> [Work to be completed]
Nothing but the lines from the start of the data through the line with "AS 9100 Quality" should appear in the answer, each retyped exactly, and pictures should not.

━━ Data ━━

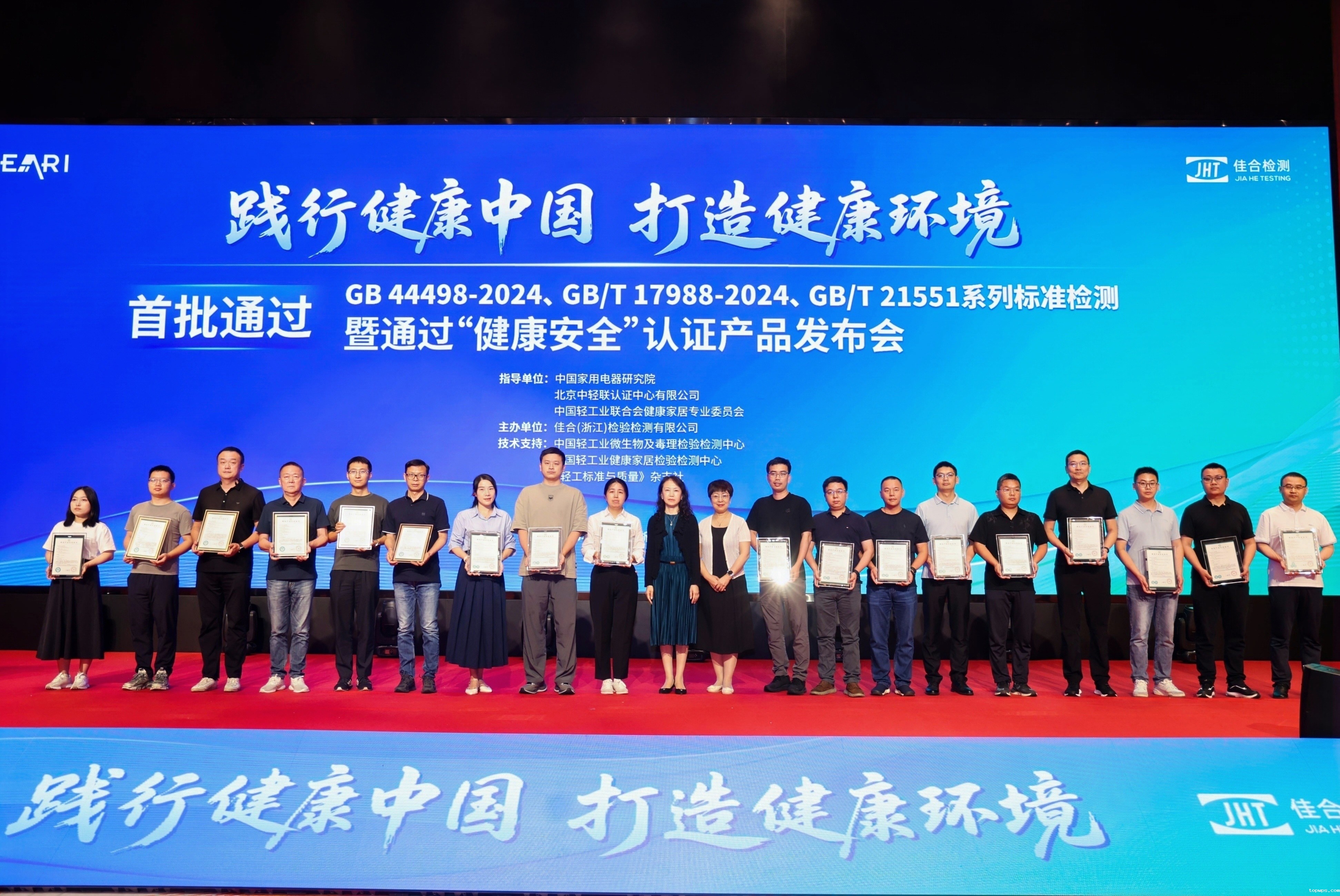 2025年7月8日,由中国家用电器研究院、北京中轻联认证中心有限公司、中国轻工业联合会健康家居专业委员会指导,佳合(浙江)检验检测有限公司主办的以“践行健康中国,打造健康环境”为主题的首批通过“健康安全”认证产品发布会在浙江慈溪顺利召开。此次发布会,点点彩票app下载官网最新版安卓从近百家品牌中脱颖而出,与海尔、美的、安吉尔等行业巨头一同首批入选“健康安全”认证,展现了点点彩票app下载官网最新版安卓产品的高品质水准。
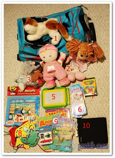 Kısa yol için hazırladığım animasyon çantasının içindekiler. Siz de araba veya otobüs yolculukları için 1-4 yaş arası çocuğunuzu eğlendirecek bir çanta hazırlıyorsanız, fikir olsun diye detayları listeliyorum.
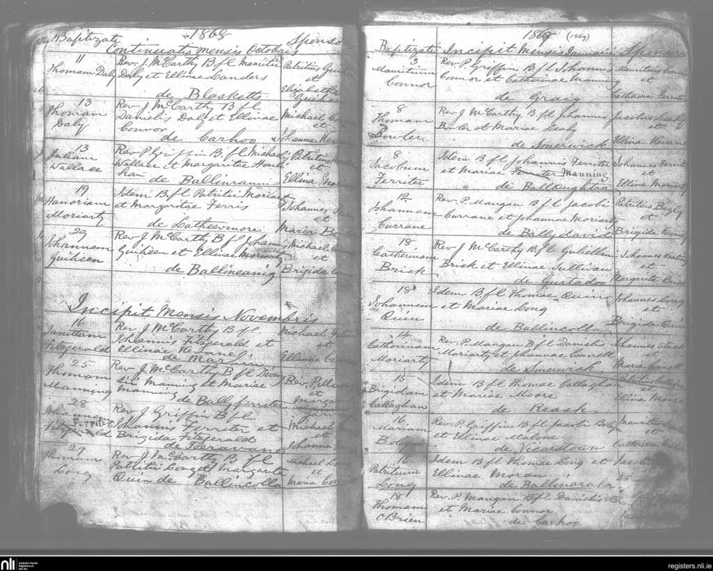 Kilmelchidar; County of Kerry; Diocese of Kerry. Baptisms, Oct. 1868 to Nov. 1868
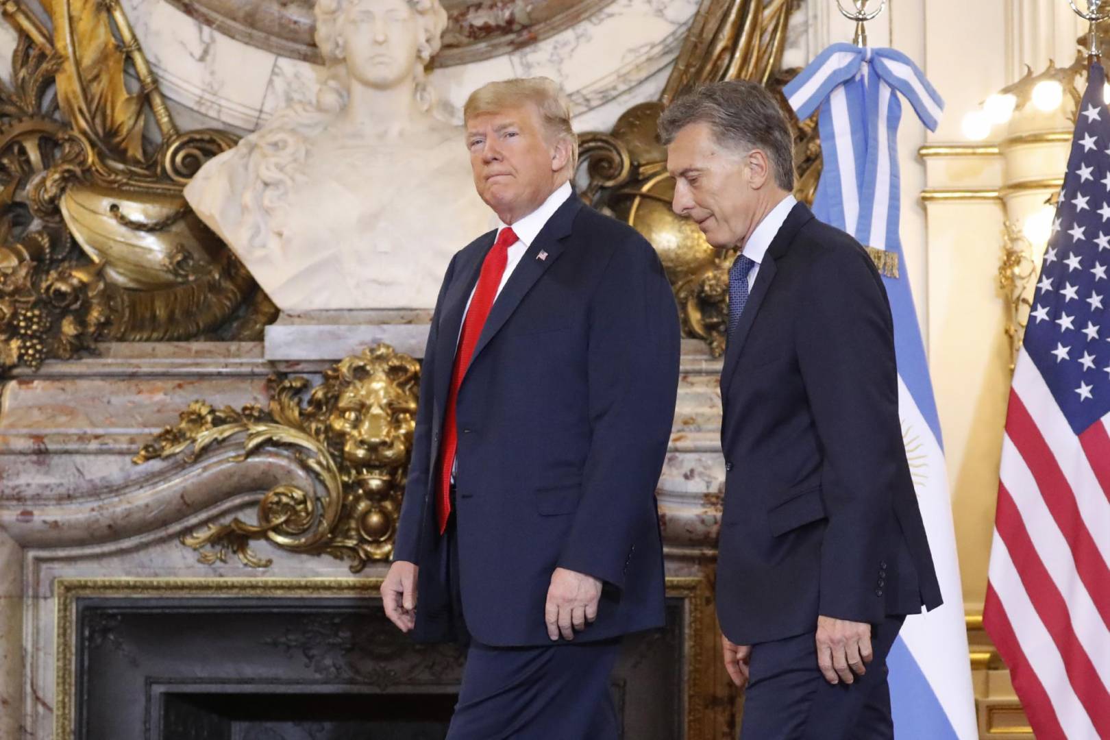 Durante una declaración conjunta que ambos mandatarios ofrecieron en el Salón Blanco de la Casa Rosada, Macri agradeció a Trump el apoyo recibido desde el gobierno norteamericano, por el acuerdo alcanzado con el Fondo Monetario Internacional. “Quiero darle la bienvenida al presidente Donald Trump a nuestro país en su primera visita. Recién venimos subiendo las escaleras y le dije: tardamos 30 años para lograr que vengas”, manifestó Macri junto al presidente estadounidense. “Tuvimos que esperar que ambos fuéramos presidentes para lograr que visites nuestro país”, añadió Macri.
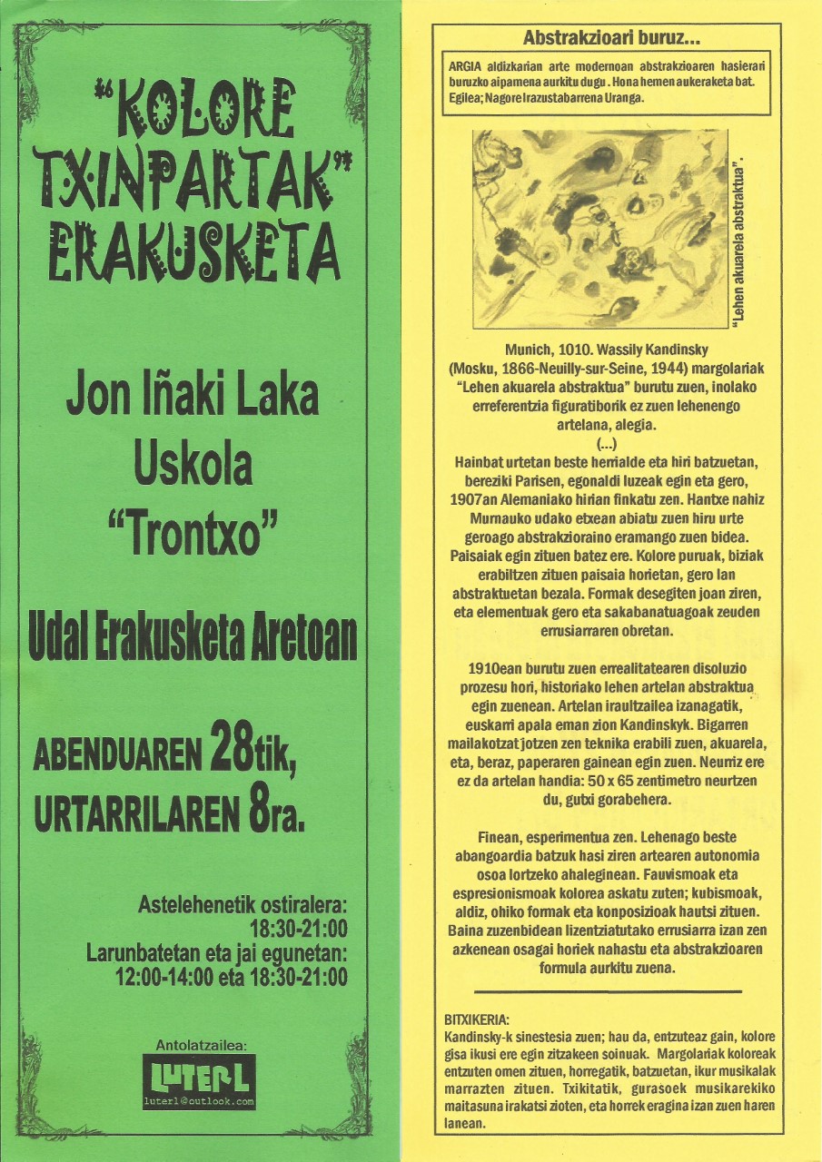 Aurrera argitaratu gendun latxeik, KOLORE TXINPARTAK erakusketi da zabalik Udal erakusketa aretun. Gu bertan eonga ta harritxute geatu gaz pintxuran kolorin bixitxasunakin, Merezi dau buelta bat emoti erakusketa aretutik.
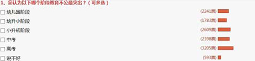 在“您認(rèn)為以下哪個階段教育不公最突出”調(diào)查中,24.98%的網(wǎng)民認(rèn)為是高考,20.33%的網(wǎng)民認(rèn)為是小升初階段,另分別有18.69%、17.46%、13.89%的網(wǎng)民選擇了中考、幼兒園階段、幼升小階段。
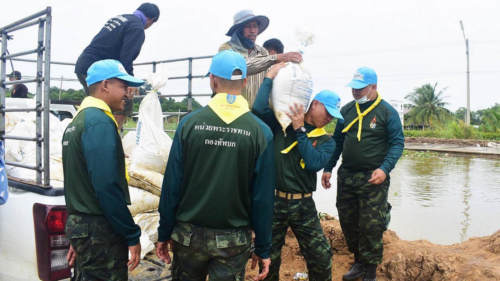 กองทับจัดกำลังพลช่วยเหลือซ่อมแซมคันกั้นน้ำที่ชำรุดรอยต่อลพบุรีสิงห์บุรี
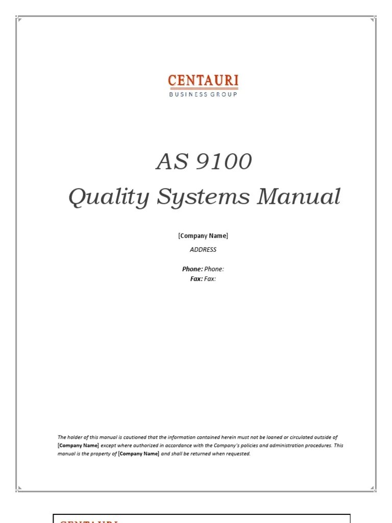 AS 9100 Quality Systems Manual Template (Sample) Quality Management
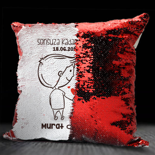 1 -) Yastık 40 x 40 cm. ölçülerinde olup, kare şeklindedir. Üzerinde KIRMIZI renkte ışıltılı payetler bulunmaktadır.2 -) Pulları aynı istikamete doğru çevirdiğinizde payetlerin arkasına basılı olan fotoğrafınızı görebilirsiniz.3 -) Ters tarafa doğru payetleri ittiğinizde ise KIRMIZI ışıltılı pullarla karşılaşacaksınız.4 -) Sihirli yastık mekanlarınız için oldukça dekoratif özellikte bir yastık modelidir. Koltuk köşesi süslemesi için idealdir.5 -) Siparişiniz halinde, içi kaliteli boncuk elyaf dolgulu şekilde gönderilecektir.6 -) Mutlu Çiftler İsme Özel Sihirli Yastık normal koşullarda hafta içi saat 14.00'a kadar sipariş vermeniz halinde aynı gün kargoya teslim ediyoruz.7 -) Yastık ütülenmemelidir ve 40 derecede ılık suda elde yıkanması tavsiye edilmektedir.Ürün Etiketleri
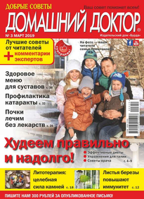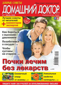 «Добрые советы. Домашний доктор» — это народный журнал о здоровье, уникальный и непохожий на другие издания медицинской тематики. А все потому, что основу журнала составляют письма читателей. В них авторы рассказывают свои истории исцеления, делятся рецептами народной медицины, проверенными на собственном опыте, просто обращаются друг к другу за помощью или дают советы тем, кто не может самостоятельно справиться со своим недугом.
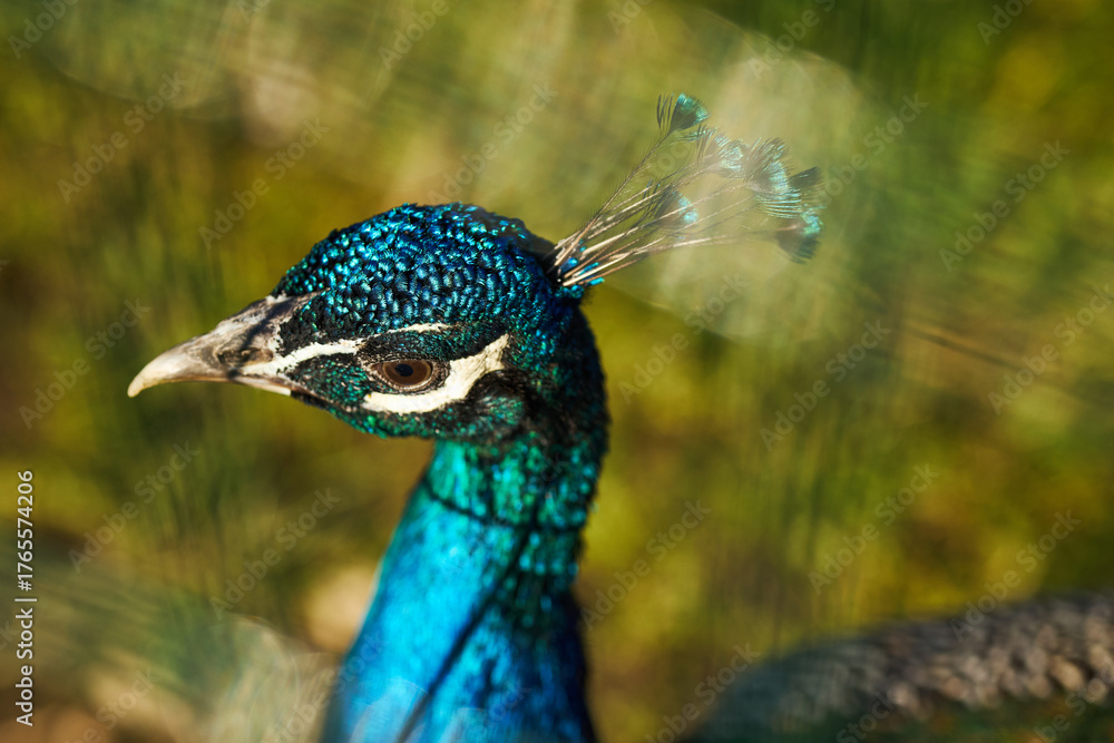 Closeup of peacock standing outdoors with vibrant blue and green plumage, detailed head and crest feathers visible, natural background softly blurred in sunlight
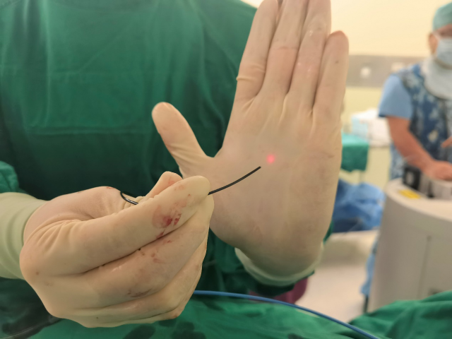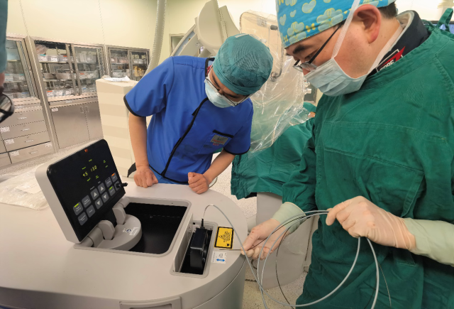 图2 薛亚军副主任医师展示激光消融导管头端的工作状态

━━━

> [Answer below]
 2025年7月8日,由中国家用电器研究院、北京中轻联认证中心有限公司、中国轻工业联合会健康家居专业委员会指导,佳合(浙江)检验检测有限公司主办的以“践行健康中国,打造健康环境”为主题的首批通过“健康安全”认证产品发布会在浙江慈溪顺利召开。此次发布会,点点彩票app下载官网最新版安卓从近百家品牌中脱颖而出,与海尔、美的、安吉尔等行业巨头一同首批入选“健康安全”认证,展现了点点彩票app下载官网最新版安卓产品的高品质水准。
 Kısa yol için hazırladığım animasyon çantasının içindekiler. Siz de araba veya otobüs yolculukları için 1-4 yaş arası çocuğunuzu eğlendirecek bir çanta hazırlıyorsanız, fikir olsun diye detayları listeliyorum.
 Kilmelchidar; County of Kerry; Diocese of Kerry. Baptisms, Oct. 1868 to Nov. 1868
 Durante una declaración conjunta que ambos mandatarios ofrecieron en el Salón Blanco de la Casa Rosada, Macri agradeció a Trump el apoyo recibido desde el gobierno norteamericano, por el acuerdo alcanzado con el Fondo Monetario Internacional. “Quiero darle la bienvenida al presidente Donald Trump a nuestro país en su primera visita. Recién venimos subiendo las escaleras y le dije: tardamos 30 años para lograr que vengas”, manifestó Macri junto al presidente estadounidense. “Tuvimos que esperar que ambos fuéramos presidentes para lograr que visites nuestro país”, añadió Macri.
 Aurrera argitaratu gendun latxeik, KOLORE TXINPARTAK erakusketi da zabalik Udal erakusketa aretun. Gu bertan eonga ta harritxute geatu gaz pintxuran kolorin bixitxasunakin, Merezi dau buelta bat emoti erakusketa aretutik.
 在“您認(rèn)為以下哪個階段教育不公最突出”調(diào)查中,24.98%的網(wǎng)民認(rèn)為是高考,20.33%的網(wǎng)民認(rèn)為是小升初階段,另分別有18.69%、17.46%、13.89%的網(wǎng)民選擇了中考、幼兒園階段、幼升小階段。
 กองทับจัดกำลังพลช่วยเหลือซ่อมแซมคันกั้นน้ำที่ชำรุดรอยต่อลพบุรีสิงห์บุรี
 AS 9100 Quality Systems Manual Template (Sample) Quality Management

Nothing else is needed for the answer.